──────── EXCERPTED RECORDS ────────

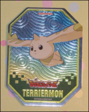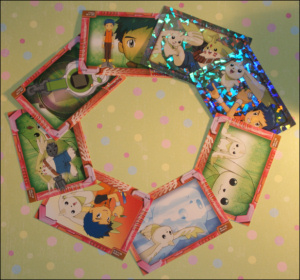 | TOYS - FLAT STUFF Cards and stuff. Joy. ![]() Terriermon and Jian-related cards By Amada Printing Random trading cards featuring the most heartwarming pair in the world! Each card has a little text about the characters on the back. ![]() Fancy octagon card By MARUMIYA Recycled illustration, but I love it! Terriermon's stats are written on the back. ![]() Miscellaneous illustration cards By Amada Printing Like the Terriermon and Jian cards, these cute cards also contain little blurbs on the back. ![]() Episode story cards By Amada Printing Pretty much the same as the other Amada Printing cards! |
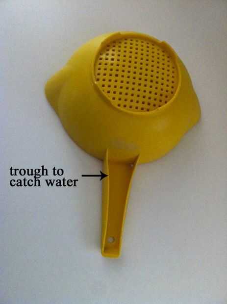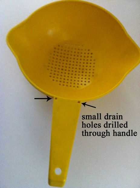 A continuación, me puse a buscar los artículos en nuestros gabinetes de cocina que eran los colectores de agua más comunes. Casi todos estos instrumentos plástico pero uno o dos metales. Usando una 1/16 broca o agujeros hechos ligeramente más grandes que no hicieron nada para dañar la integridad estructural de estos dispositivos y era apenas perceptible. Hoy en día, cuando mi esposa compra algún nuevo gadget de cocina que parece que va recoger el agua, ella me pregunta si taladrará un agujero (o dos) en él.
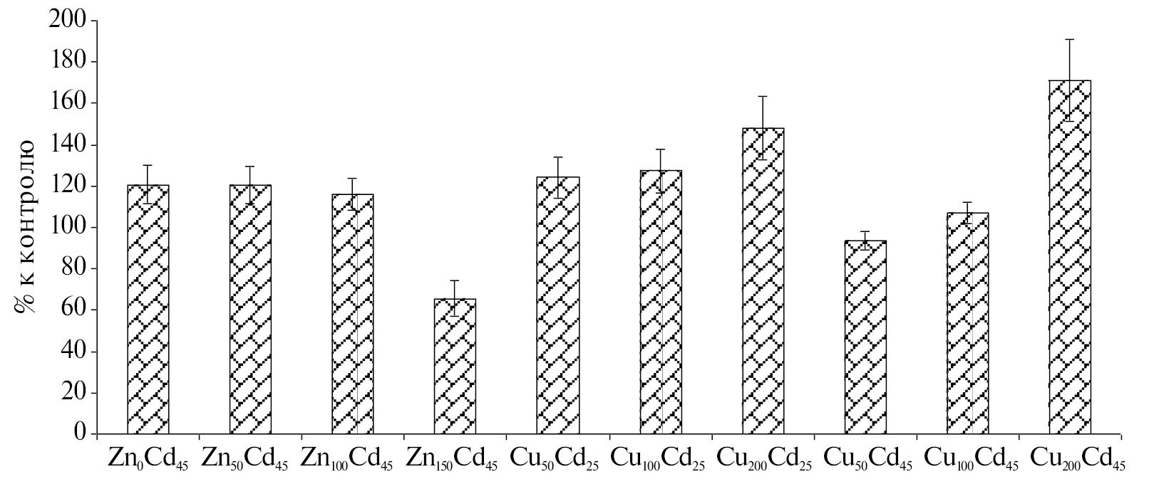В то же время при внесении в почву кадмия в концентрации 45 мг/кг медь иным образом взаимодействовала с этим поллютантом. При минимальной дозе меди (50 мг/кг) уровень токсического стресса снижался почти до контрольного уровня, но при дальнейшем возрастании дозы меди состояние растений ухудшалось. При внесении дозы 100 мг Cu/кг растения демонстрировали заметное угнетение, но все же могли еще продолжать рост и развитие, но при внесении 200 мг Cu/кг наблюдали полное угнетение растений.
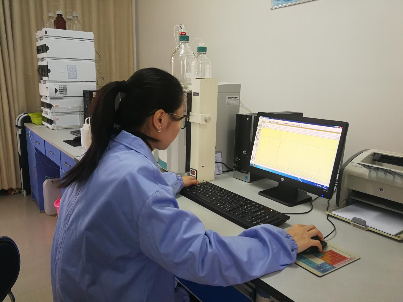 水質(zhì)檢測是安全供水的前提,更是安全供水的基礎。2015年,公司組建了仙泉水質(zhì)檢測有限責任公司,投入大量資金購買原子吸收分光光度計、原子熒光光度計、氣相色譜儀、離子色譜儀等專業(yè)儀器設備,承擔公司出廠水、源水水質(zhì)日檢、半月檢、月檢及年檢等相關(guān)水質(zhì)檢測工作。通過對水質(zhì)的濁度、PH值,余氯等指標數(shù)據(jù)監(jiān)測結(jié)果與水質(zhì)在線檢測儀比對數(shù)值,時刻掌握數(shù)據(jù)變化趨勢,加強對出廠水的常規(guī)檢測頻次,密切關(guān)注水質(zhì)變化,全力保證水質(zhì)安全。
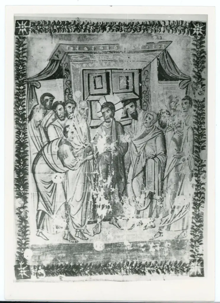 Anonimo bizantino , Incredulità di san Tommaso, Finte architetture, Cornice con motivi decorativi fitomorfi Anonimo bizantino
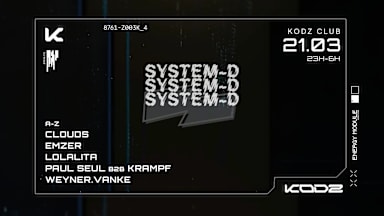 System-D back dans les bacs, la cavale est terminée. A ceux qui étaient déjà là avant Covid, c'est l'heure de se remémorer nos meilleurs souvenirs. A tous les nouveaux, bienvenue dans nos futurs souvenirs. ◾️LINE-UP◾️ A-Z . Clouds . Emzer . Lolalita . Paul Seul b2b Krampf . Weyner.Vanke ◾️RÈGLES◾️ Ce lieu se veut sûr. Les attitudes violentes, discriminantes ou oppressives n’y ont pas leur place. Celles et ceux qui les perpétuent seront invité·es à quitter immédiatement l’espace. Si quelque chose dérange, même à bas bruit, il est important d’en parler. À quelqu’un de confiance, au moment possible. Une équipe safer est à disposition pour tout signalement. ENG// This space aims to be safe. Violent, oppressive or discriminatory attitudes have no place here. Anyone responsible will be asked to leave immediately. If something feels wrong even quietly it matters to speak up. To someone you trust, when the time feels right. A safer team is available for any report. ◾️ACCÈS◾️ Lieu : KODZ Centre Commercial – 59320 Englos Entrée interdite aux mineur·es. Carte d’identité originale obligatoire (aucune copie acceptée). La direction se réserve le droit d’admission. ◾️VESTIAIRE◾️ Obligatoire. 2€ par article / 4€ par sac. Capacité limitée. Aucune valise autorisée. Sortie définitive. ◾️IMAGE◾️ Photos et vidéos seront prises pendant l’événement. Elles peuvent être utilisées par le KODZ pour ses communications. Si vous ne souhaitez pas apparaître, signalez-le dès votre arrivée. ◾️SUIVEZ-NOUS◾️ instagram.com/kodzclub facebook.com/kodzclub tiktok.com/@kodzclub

────────

Each entry above is to be given again exactly, and any image in it is to be dropped.

» RESULT OF THIS EXERCISE:
 | TOYS - FLAT STUFF Cards and stuff. Joy. ![]() Terriermon and Jian-related cards By Amada Printing Random trading cards featuring the most heartwarming pair in the world! Each card has a little text about the characters on the back. ![]() Fancy octagon card By MARUMIYA Recycled illustration, but I love it! Terriermon's stats are written on the back. ![]() Miscellaneous illustration cards By Amada Printing Like the Terriermon and Jian cards, these cute cards also contain little blurbs on the back. ![]() Episode story cards By Amada Printing Pretty much the same as the other Amada Printing cards! |
 A continuación, me puse a buscar los artículos en nuestros gabinetes de cocina que eran los colectores de agua más comunes. Casi todos estos instrumentos plástico pero uno o dos metales. Usando una 1/16 broca o agujeros hechos ligeramente más grandes que no hicieron nada para dañar la integridad estructural de estos dispositivos y era apenas perceptible. Hoy en día, cuando mi esposa compra algún nuevo gadget de cocina que parece que va recoger el agua, ella me pregunta si taladrará un agujero (o dos) en él.
В то же время при внесении в почву кадмия в концентрации 45 мг/кг медь иным образом взаимодействовала с этим поллютантом. При минимальной дозе меди (50 мг/кг) уровень токсического стресса снижался почти до контрольного уровня, но при дальнейшем возрастании дозы меди состояние растений ухудшалось. При внесении дозы 100 мг Cu/кг растения демонстрировали заметное угнетение, но все же могли еще продолжать рост и развитие, но при внесении 200 мг Cu/кг наблюдали полное угнетение растений.
 水質(zhì)檢測是安全供水的前提,更是安全供水的基礎。2015年,公司組建了仙泉水質(zhì)檢測有限責任公司,投入大量資金購買原子吸收分光光度計、原子熒光光度計、氣相色譜儀、離子色譜儀等專業(yè)儀器設備,承擔公司出廠水、源水水質(zhì)日檢、半月檢、月檢及年檢等相關(guān)水質(zhì)檢測工作。通過對水質(zhì)的濁度、PH值,余氯等指標數(shù)據(jù)監(jiān)測結(jié)果與水質(zhì)在線檢測儀比對數(shù)值,時刻掌握數(shù)據(jù)變化趨勢,加強對出廠水的常規(guī)檢測頻次,密切關(guān)注水質(zhì)變化,全力保證水質(zhì)安全。
 Anonimo bizantino , Incredulità di san Tommaso, Finte architetture, Cornice con motivi decorativi fitomorfi Anonimo bizantino
 System-D back dans les bacs, la cavale est terminée. A ceux qui étaient déjà là avant Covid, c'est l'heure de se remémorer nos meilleurs souvenirs. A tous les nouveaux, bienvenue dans nos futurs souvenirs. ◾️LINE-UP◾️ A-Z . Clouds . Emzer . Lolalita . Paul Seul b2b Krampf . Weyner.Vanke ◾️RÈGLES◾️ Ce lieu se veut sûr. Les attitudes violentes, discriminantes ou oppressives n’y ont pas leur place. Celles et ceux qui les perpétuent seront invité·es à quitter immédiatement l’espace. Si quelque chose dérange, même à bas bruit, il est important d’en parler. À quelqu’un de confiance, au moment possible. Une équipe safer est à disposition pour tout signalement. ENG// This space aims to be safe. Violent, oppressive or discriminatory attitudes have no place here. Anyone responsible will be asked to leave immediately. If something feels wrong even quietly it matters to speak up. To someone you trust, when the time feels right. A safer team is available for any report. ◾️ACCÈS◾️ Lieu : KODZ Centre Commercial – 59320 Englos Entrée interdite aux mineur·es. Carte d’identité originale obligatoire (aucune copie acceptée). La direction se réserve le droit d’admission. ◾️VESTIAIRE◾️ Obligatoire. 2€ par article / 4€ par sac. Capacité limitée. Aucune valise autorisée. Sortie définitive. ◾️IMAGE◾️ Photos et vidéos seront prises pendant l’événement. Elles peuvent être utilisées par le KODZ pour ses communications. Si vous ne souhaitez pas apparaître, signalez-le dès votre arrivée. ◾️SUIVEZ-NOUS◾️ instagram.com/kodzclub facebook.com/kodzclub tiktok.com/@kodzclub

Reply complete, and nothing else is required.